Many drugs exhibit poor water solubility, leading to limitations in potential formulation options and in some cases, resulting in drug candidates being rejected during the development process. Limited solubility results in low levels of bioavailability, often overcome using a variety of methods including alterations to the physical properties of the drug.

In the last ten years mesoporous silica based drug delivery systems have been investigated to enhance solubility and thus, improve bioavailability, offering the ability to maintain therapeutic levels of a drug over a specified period of time through the controlled design of ordered pore networks, high pore volumes, high surface areas and functionalised surfaces. Furthermore, silica based formulations offer a biocompatible and stable product that has become regarded a suitable method for the sustained release of drugs to specific organs within the body.

Our research group investigated the application of a unique formulation method with a model drug (Fenofibrate)known to exhibit poor water solubility to create a novel and superior formulated product. Previous research had confirmed the suitability of formulating this particularly problematic drug with a limited range of ordered mesoporous silicas although our studies used different silicas supplied by Glantreo and different drug loading methods.
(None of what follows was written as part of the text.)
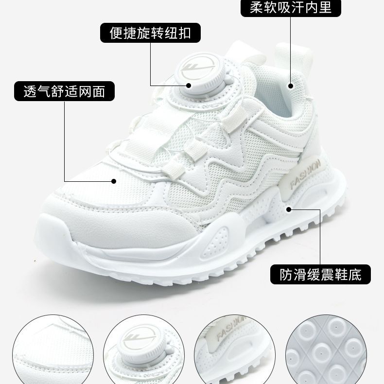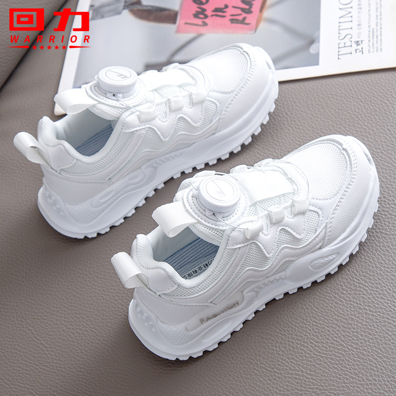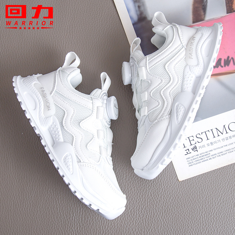 回力儿童运动鞋 网面透气校园小白鞋 男童女童纯色旋转钮休闲跑鞋
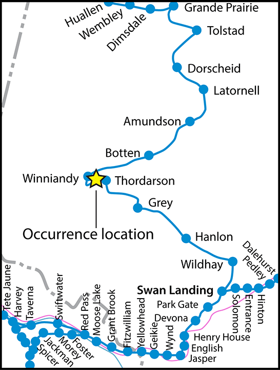 On 29 October 2016, the Canadian National Railway Company (CN) occurrence train crew, consisting of a locomotive engineer (LE) and a conductor, was ordered out of Winniandy, Alberta, for 0620.Footnote 1 The crew members put train A459 together and departed southbound for Swan Landing, near Grande Prairie, Alberta, at 0730. Upon arrival at Swan Landing at 1230, the crew yarded train A459, and then prepared northbound train A45851-29 (the train) for immediate departure.

As presented in our research paper, we found a significant enhancement in the release profile of the model drug for all formulations prepared using microwave heating and the silica based formulations.

We concluded that this finding could be applied to a far wider range of compounds that exhibit poor aqueous solubility, and therefore limited drug release, thus helping improve bioavailability through the use of bespoke mesoporous silicas.

Since this study we have continued to develop formulations with silica products from Glantreo and have determined that drug release can be carefully tailored, based on the choice of silica and desired release profile. Furthermore, the potential applications of using silica based formulations are vast, for example with data to show relevance for veterinary pharmaceutical products, as well as human medicine.

What problem did the Glantreo product solve?

Significantly enhanced the release profile for a model pharmaceutical compound with poor aqueous solubility. This could help improve the bioavailability of a compound in vivo.

What was the outcome, did we solve the problem?

Yes. Allowing tailored drug release profiles based on silica choice.

What is the next step?

Determine the suitability of the published formulation (materials & methods) for a wider range of compounds.

Are there other issues Glantreo could help with?

Continue to provide novel silica based products to further optimise formulations?